LaDonna also asserts that she has been “deprived of due process.” This is the extent of her argument. Suffice it to say that her allegation is not sufficient to raise a constitutional issue. E.g., Jones v. North Dakota Workmen’s Comp. Bureau, 334 N.W.2d 188, 192 (N.D.1983).

For the reasons stated in this opinion, the judgment is affirmed.

ERICKSTAD, C.J., and VANDE WALLE, J., concur.

. In New Jersey Highway Authority v. Renner, 32 N.J.Super. 197, 201-202, 108 A.2d 107, 109 (1954), the Superior Court of New Jersey distinguished Volk and disallowed interest in a case where under the terms of the contract “the purchase money was not due until 30 days after the delivery of the deed, and Mrs. Renner never tendered the deed until after judgment,” and where her attorney stipulated that “it was folly to contest the issue of specific performance.” We do not believe that the Renner decision renders Volk inapplicable to the facts of this case.
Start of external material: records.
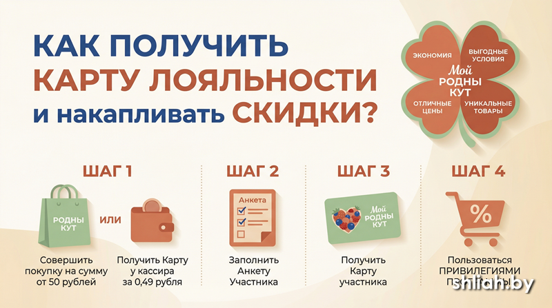 В магазинах потребительской кооперации иногда можно заметить небольшую очередь у специальных информационных стоек. Люди, чаще старшего возраста, внимательно изучают памятки и задают вопросы продавцам. Причина ажиотажа – социальная программа «Мой РОДНЫ КУТ», которую проводит Белорусский республиканский союз потребительских обществ. Её цель – помочь тем, для кого поход за продуктами давно стал статьёй расходов, требующей подсчёта каждой копейки. Сеть магазинов, где работает программа, широка, но не всеобъемлющая. Акции не будет в магазинах-дискаунтерах вроде «ProЗапас», «МЕГАопт» или в специализированных «Мясных лавках». Оформляем карту на месте «Пришла с пенсионным и паспортом, – делится у кассы Анна Ивановна. – Девушка-кассир выдала бланк, помогла заполнить. Через пару недель на телефон пришло смс, и можно было пользоваться. Карточку я купила тут же, за 49 копеек». Процедура для многих знакомая, но с важным нюансом. Социальная карта – именная и выдаётся только на один конкретный докуме
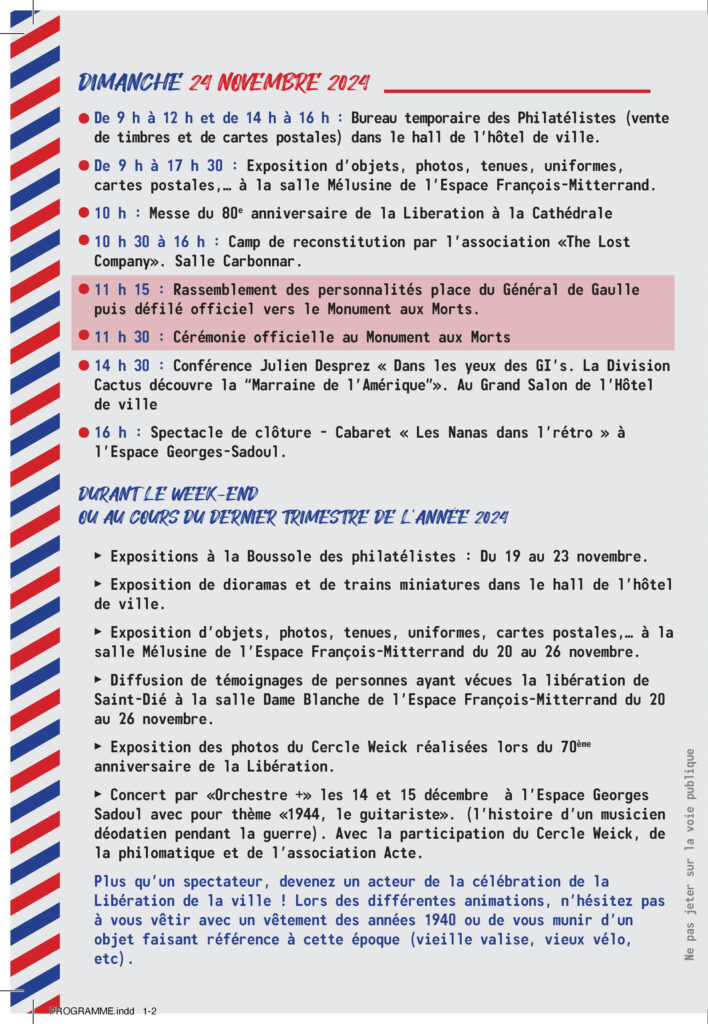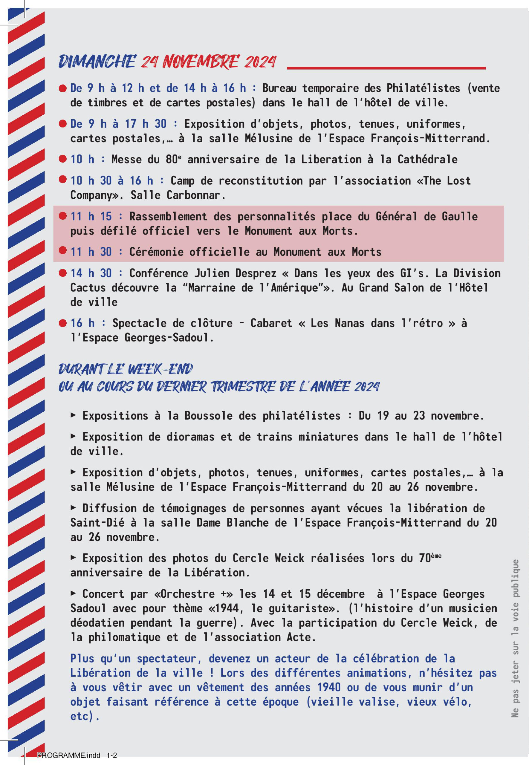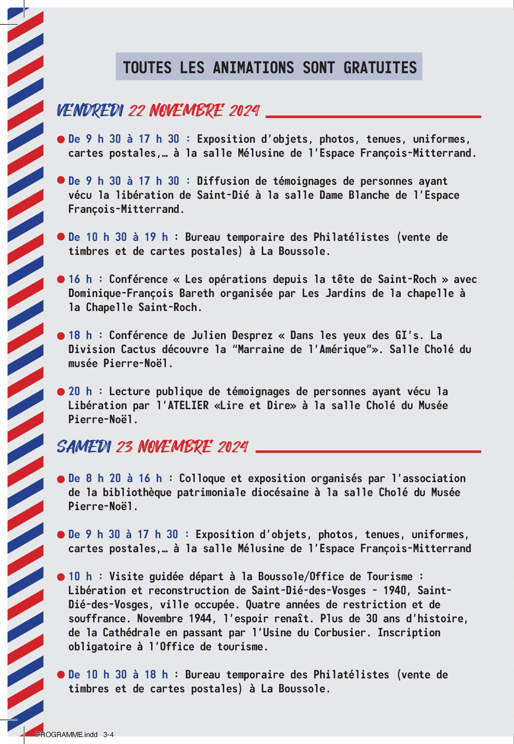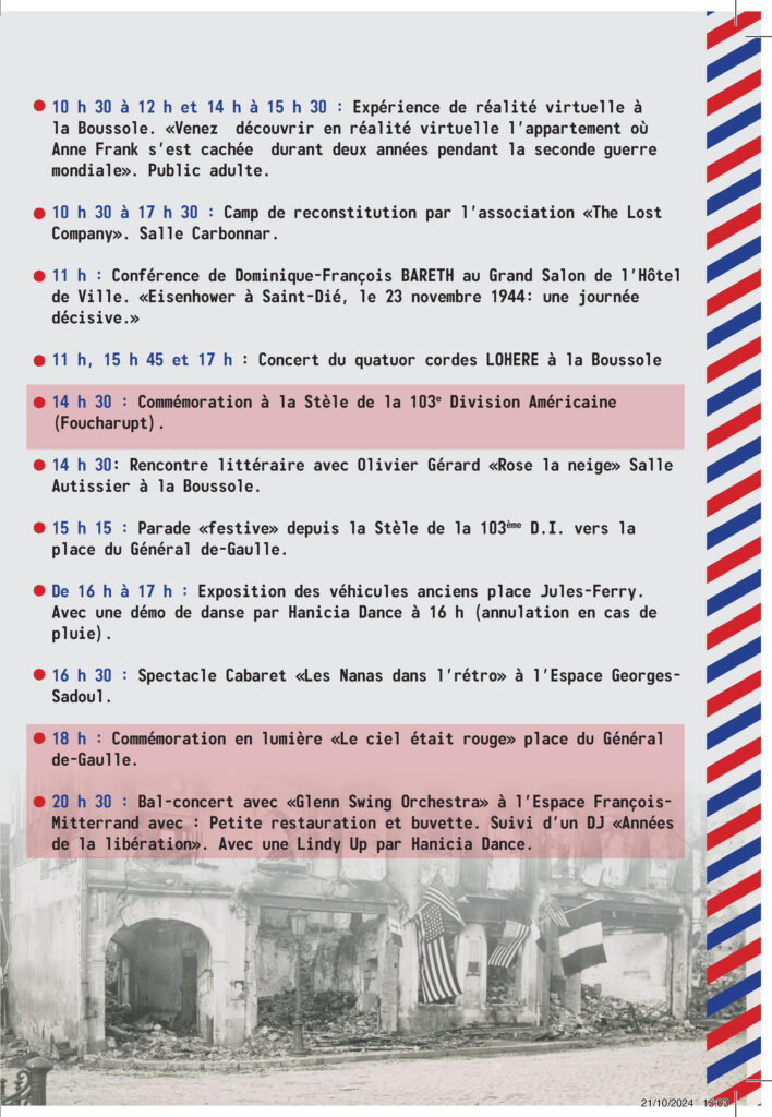 À l’occasion du 80e anniversaire de la Libération de Saint-Dié-des-Vosges et des 80 ans du dynamitage de la cathédrale, de nombreuses commémorations et festivités viendront animer la ville durant les 23 et 24 novembre. La Municipalité, les associations et les écoles se mobilisent pour faire de cet événement un moment inoubliable.
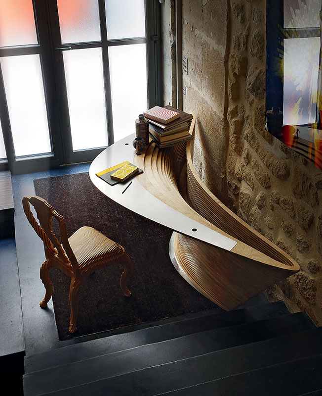 Письменный стол Contourted Crater, диз. Ифенаи Оганву, стул Сlone, диз. Джулиан Мэйор.

Although the option contract in this case provided that "the purchase price shall be paid at the time of recording such deed,” this provision in itself should not bar the award of interest. It is true that the terms of a sales agreement may operate in some cases to prevent a vendor from receiving interest on the purchase price. See Annot., 75 A.L.R., supra, at 343-345. However, where the vendee is already in possession of the property, we assume it would be common that delivery or recording of the deed would trigger payment. As noted earlier herein, the general rule pertains to vendees already in possession, as in the instant case.

Furthermore, Renner is distinguishable from the instant case because we cannot say that it was "folly” or "frivolous” for LeRoy and Marie to contest the issue of specific performance in the prior proceeding.